Your colleagues have identified five of the most common missteps and offer their best advice for steering clear of them.
Published: 12/06/2016

By Mary Ellen Flannery

Mary Modder was student teaching in Silver Lake, Wisconsin, when the school nurses came to deliver “the talk” with her eighth-graders. She recalls that the principal said students might have questions afterward and teachers should be open and honest in their responses. So when one girl asked about contractions, Modder tried her best. She told all about her son’s birth and the necessary role of contractions.

That child listened politely and then asked again, more specifically, about the uses of isn’t, wasn’t, can’t, don’t, etc., for her language arts assignment. Modder’s mistake? Assuming too much.

All new teachers make mistakes—and not all are so funny! But keep this in mind: All experienced teachers do, too. The point is to avoid the worst and learn from those missteps you’ll inevitably make anyway. With that in mind, your more experienced colleagues have identified five of the most common missteps and offer their best advice for steering clear of them.

Taking it too personally…

Some sweetheart in the back row tells you that you’re the worst teacher he’s had in his life. Your class is BOH-ring! Like, totally irrelevant. And, half the time your assignments don’t even make sense, at all.

Now, maybe you’re a tough guy and you think, kid… you’re really pushing your luck today. Or maybe you’re a Mr. Softee and you just think, “I will not cry! I will not cry!” Either way, you can’t take the irritating things that students (or parents) say and do personally.

“With experience, you realize that taking things personally is a mistake, because not only are those things not meant to be taken personally, it will just wear you down too much if you do,” says Illinois teacher Jackie Quitter.

Consider that a student might have a legitimate beef—even if it has been offered offensively—and you may learn from it. NEA Today’s discipline expert Kate Ortiz suggests speaking directly, privately, to that student who shouts, “I am so bored!” Say you’re interested in becoming the best teacher you can be and would like to hear his suggestions. In similar situations, Ortiz also has told students that they’re not required to “like” her class. But disruption won’t be tolerated, and they are required to do their work.

Also consider that a student’s comments or actions may reflect his problems, not yours. When a kid says he’s bored, for example, Ortiz notes that it may be because he’s actually not capable of doing the work. Sometimes students make comments because “they are hurting—not to attack you,” says Heidi Sagendorph Coffey, an alternative education teacher in New York. Same goes for parents. “You can be the best teacher ever … and you will still have parents who complain about you. A lot of times they’re having their own issues with life or the child,” says California teacher Valerie Barnes Doyel.

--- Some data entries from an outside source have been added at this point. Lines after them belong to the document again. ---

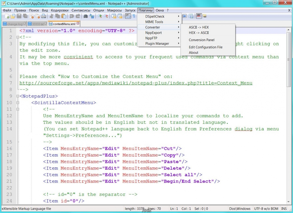 Notepad++ поставляется с основанным на libXML2 плагином XML Tools для поддержки набора полезных инструментов и редактирования XML-документов.
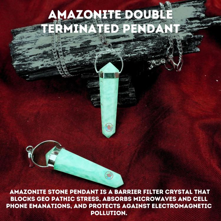 - Amazonite Stone Pendant is a Barrier Filter crystal that blocks geo pathic stress, absorbs microwaves and cell phone emanations, and protects against electromagnetic pollution.
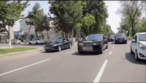 A black Daewoo Gentra (Jentra) drives on a tree-lined road in Uzbekistan, passing other cars including a Rolls-Royce.
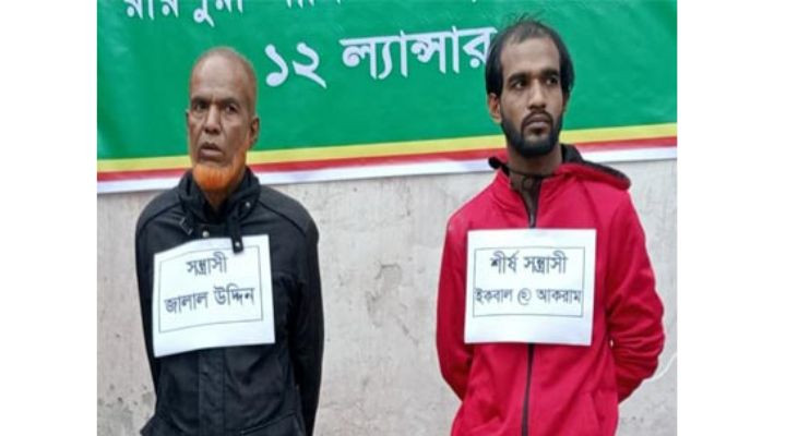 নরসিংদীর রায়পুরায় সেনাবাহিনী ও পুলিশের যৌথ অভিযানে দুই শীর্ষ সন্ত্রাসী বাবা ও ছেলেকে গ্রেপ্তার করা হয়েছে। অভিযানকালে তাদের কাছ থেকে বিপুল পরিমাণ অবৈধ অস্ত্র, গোলাবারুদ ও দেশীয় ধারাল অস্ত্র জব্দ করা হয়।

Her advice? “Just let it wash over you like water over a duck’s back, go on with your day, and be the best teacher you can be.”

The Superman complex

First there are the lesson plans—you need to write them. (Life’s mystery: why does it take 45 minutes to write a 30-minute lesson?) Then, there are the student papers—you need to read them, grade them. Parents must be called. Paperwork must be filled out. And then there’s the small matter of the upcoming benchmarks… So, when your assistant principal says, “We think you’d make a wonderful debate coach next semester and, oh, we’ve also got a slot for you on the school’s technology committee—and, hey, let’s just sign you up to chaperone prom, okay?” You do not say, “Hooray!”

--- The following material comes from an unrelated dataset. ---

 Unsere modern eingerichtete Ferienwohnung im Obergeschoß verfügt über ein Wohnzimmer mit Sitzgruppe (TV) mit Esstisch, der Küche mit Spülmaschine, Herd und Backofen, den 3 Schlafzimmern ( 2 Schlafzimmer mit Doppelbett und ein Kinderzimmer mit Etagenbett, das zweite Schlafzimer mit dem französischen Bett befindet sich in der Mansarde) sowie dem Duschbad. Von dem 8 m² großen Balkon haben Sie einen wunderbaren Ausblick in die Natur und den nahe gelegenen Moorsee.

You say, “How nice of you to think of me! But I really can’t right now.”

The truth is: You actually can’t do everything—and do it well. And, in your first few years of teaching, it might be best to concentrate your efforts on… well, teaching. “Don’t try to do it all,” warns Martha Patterson, an experienced Washington teacher. “It is okay to say no to chaperoning dances and organizing fundraisers. Remember you’ve been hired to teach.”

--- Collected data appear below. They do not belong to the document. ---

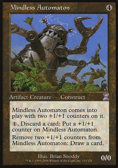 Mindless Automaton enters the battlefield with two +1/+1 counters on it. {1}, Discard a card: Put a +1/+1 counter on Mindless Automaton. Remove two +1/+1 counters from Mindless Automaton: Draw a card.
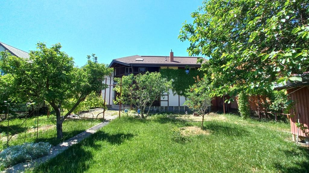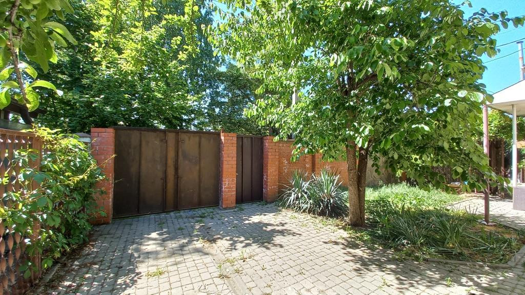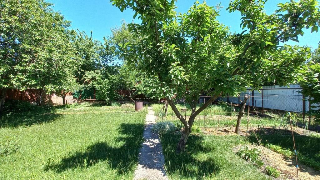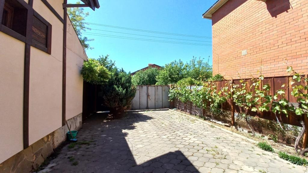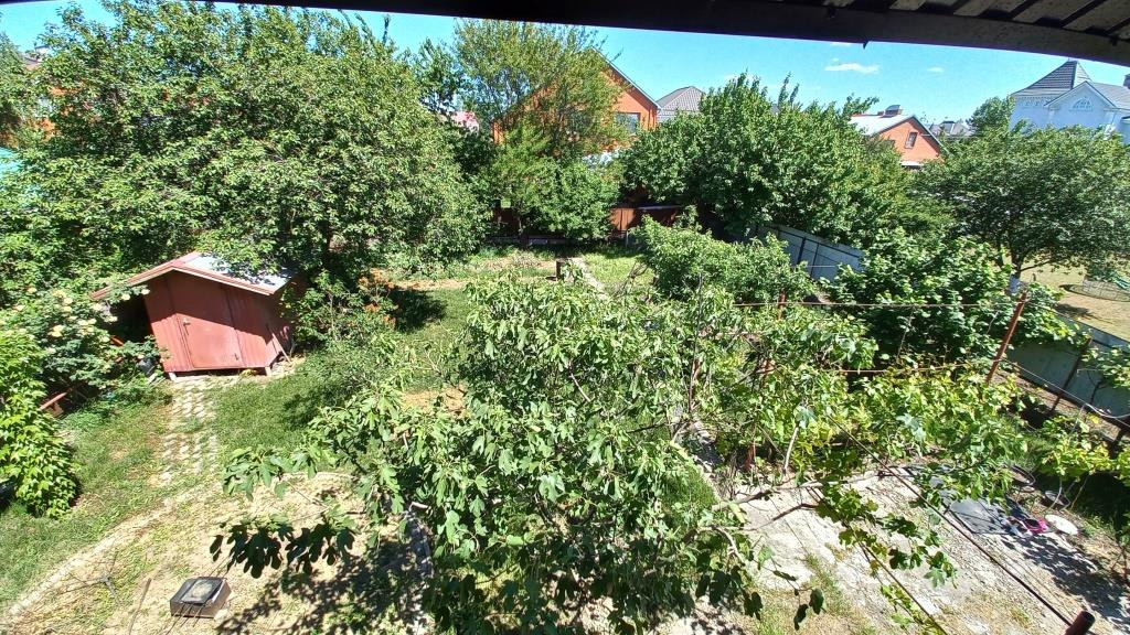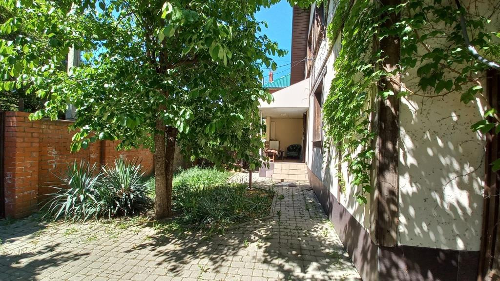 Двор вымощен плиткой. На территории растёт много фруктовых деревьев и кустарников. Есть огород.
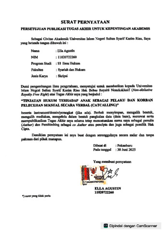 ELLA AGUSTIN, - (2025) TINJAUAN HUKUM TERHADAP ANAK SEBAGAI PELAKU DAN KORBAN PELECEHAN SEKSUAL SECARA VERBAL (CATCALLING). Skripsi thesis, UNIVERSITAS ISLAM NEGERI SULTAN SYARIF KASIM RIAU.
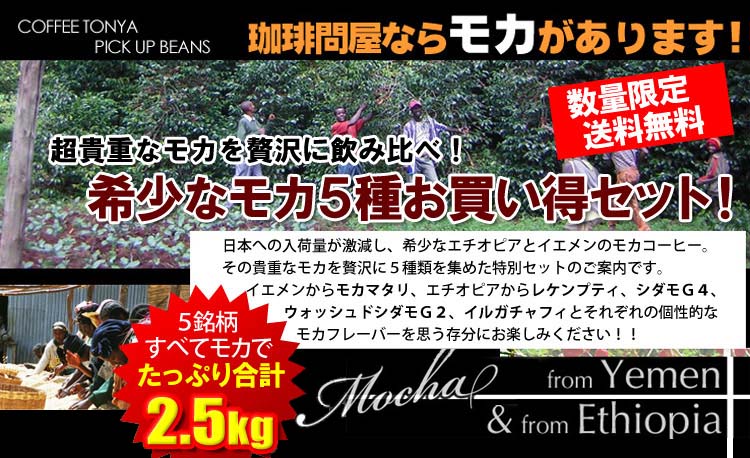 ◆ 贅沢!たっぷり2.5kg モカコーヒー5種飲み比べセット(生豆時500g×5銘柄) 送料無料

And forget that state college backpack that you’ve stuffed with papers to bring home each night. Teachers deserve personal lives, too. For Patterson, it works better to get to school early or often stay late, but she leaves work at work. She also reminds her new colleagues to make time for themselves—“exercise, read for fun, do a craft, hang out with friends.” Otherwise, you’re taking the straight road to resentment and burnout, she warns.



You need to associate

So you think your union is full of old people. Big mistake! You think its activities are irrelevant to your life. Another whopper! This might read a tad self-serving, but it is a real mistake for new teachers to disassociate with their Association.

For one thing, your union provides you with a community of educators, many of them more experienced than you and willing to mentor and assist a newer colleague. “I have met so many people who have offered inspiration, advice, and insight about education,” says Bridget Zick, a leader of the Young Educators of Clark County, in Las Vegas. “What could be better than getting to know people who care about kids and education just as you do?”

Also, keep in mind that your local union’s work around your salary and working conditions is important to understand. It can help you do your job better. At the same time, consider getting involved in NEA’s work to elect pro-public education candidates and shape policies like the Every Student Succeeds Act—there’s no question it makes a difference in your classroom life.

The Discipline Challenge

Figuring out classroom discipline might be harder for new teachers than navigating the Cretan labyrinth. But if you can avoid the pitfalls, you’ll find a much better reward than that bloodthirsty Minotaur.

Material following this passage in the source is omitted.